Tax according to environmental impact

The reason for the drastic increase is a cantonal law that was approved in a referendum last March. It was a counter-proposal to an SVP initiative that had called for vehicle tax to be halved. The new law provides for a tax based on CO2 emissions to encourage the purchase of more environmentally friendly vehicles.

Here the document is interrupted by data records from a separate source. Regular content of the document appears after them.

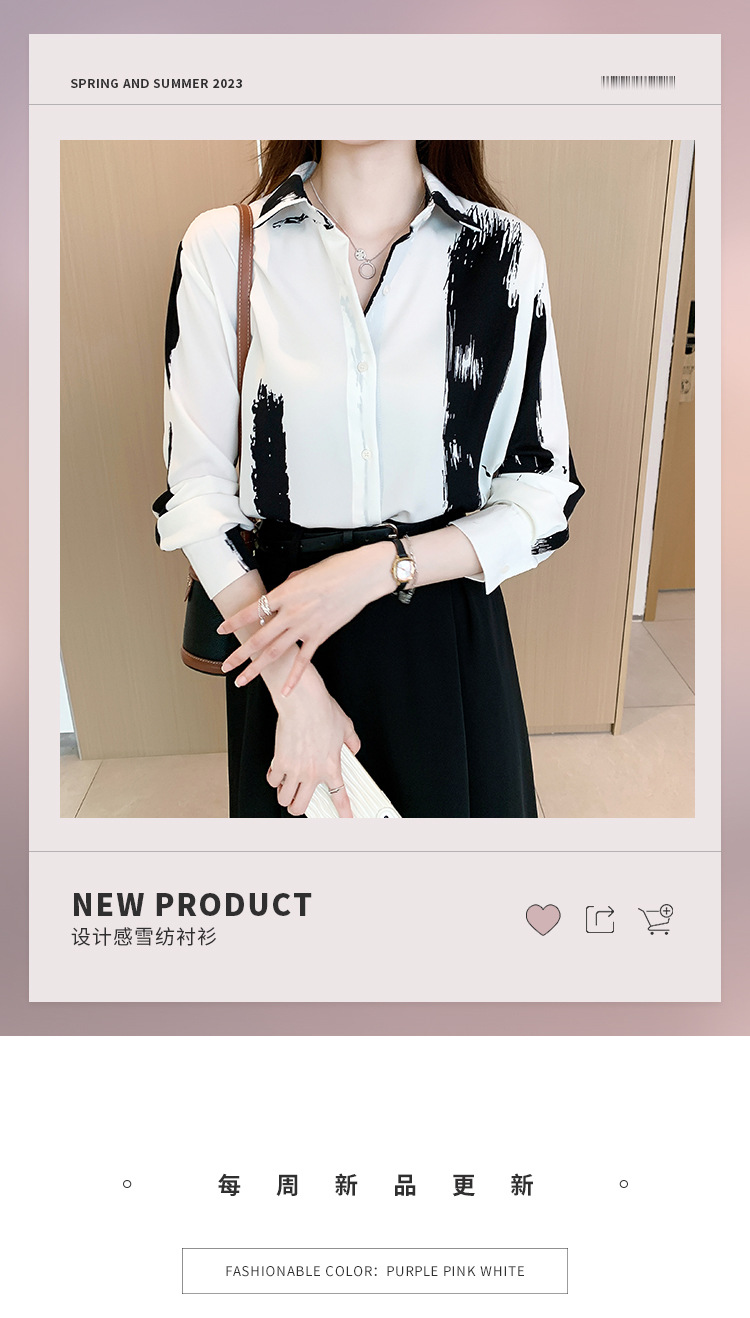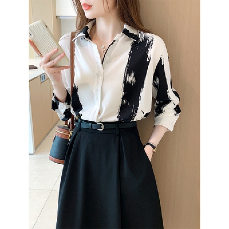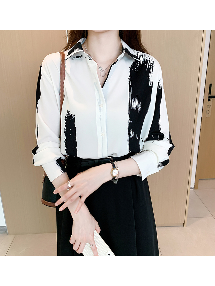 통근 쉬폰 셔츠 여성용 2023 초봄 새로운 루즈한 탑 디자인 틈새 긴팔 셔츠스토어 가기
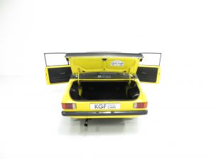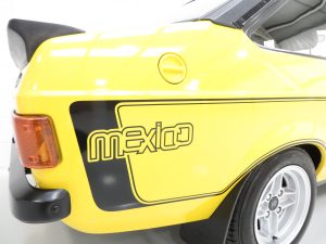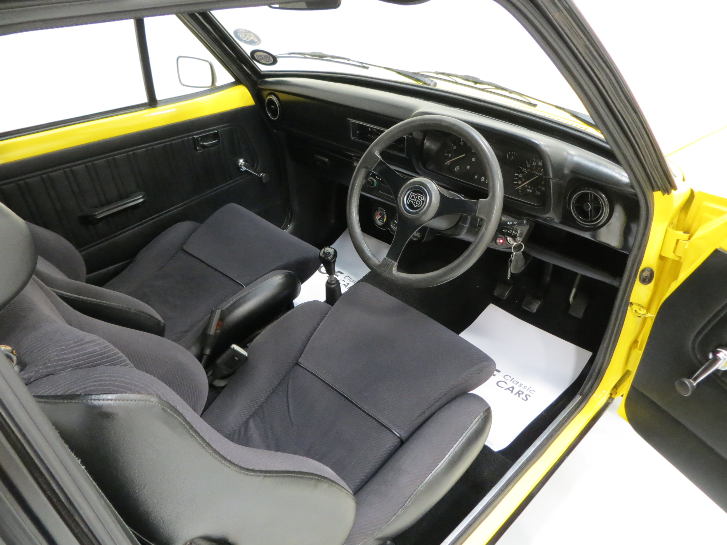 The exterior of this RS Mexico is stunning in every respect. Finished in optional Signal Yellow it has a deep, gloss shine which is amazing and an absolute pleasure to polish. The distinctive squared-up nose styling and front air dam has no stone chips and informs knowledgeable onlookers to the scarcity of this model only built between January 1976 and July 1978. All the trim is perfect, window rubbers are black and all decals are correct and present. The original glass is window plate etched and the supplying dealer rear window sticker is attached. The optional vinyl roof costing £46.75 in 1978 is clean but very slight lift to a few areas can just be seen. The engine bay is spotless and Cadulac treatment was applied when new along with the underbody having waxoyl. Utterly gorgeous and a real show stopper.
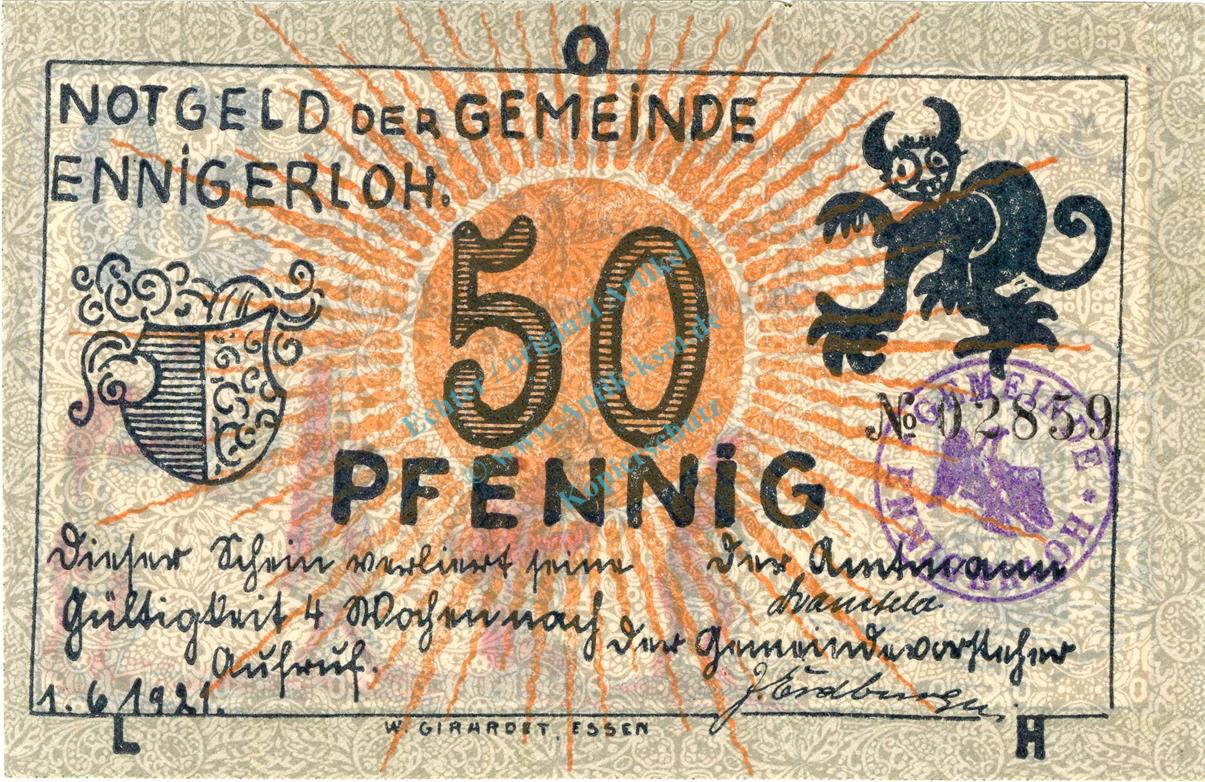 Ennigerloh , Notgeld 50 Pfennig Nr.4 -Gem- Stpl- in unc-kfr 338.2.a , Westfalen 1921 Seriennotgeld

"I can't hide the fact that the State Council is extremely concerned," Fontanet told RTS. If you look at the concrete effects of this law today, you come to the conclusion that the situation is untenable. The State Council met on Wednesday to find solutions, continued the President of the Government.

A motion from the ranks of the FDP calls for a staggered increase over several years. The Libertés et Justice sociale (LJS) movement called for a revised law that stipulates a maximum rate of tax increase. Finally, the third point is to find concrete solutions for people who are currently unable to bear the tax increase financially, Fontanet continued.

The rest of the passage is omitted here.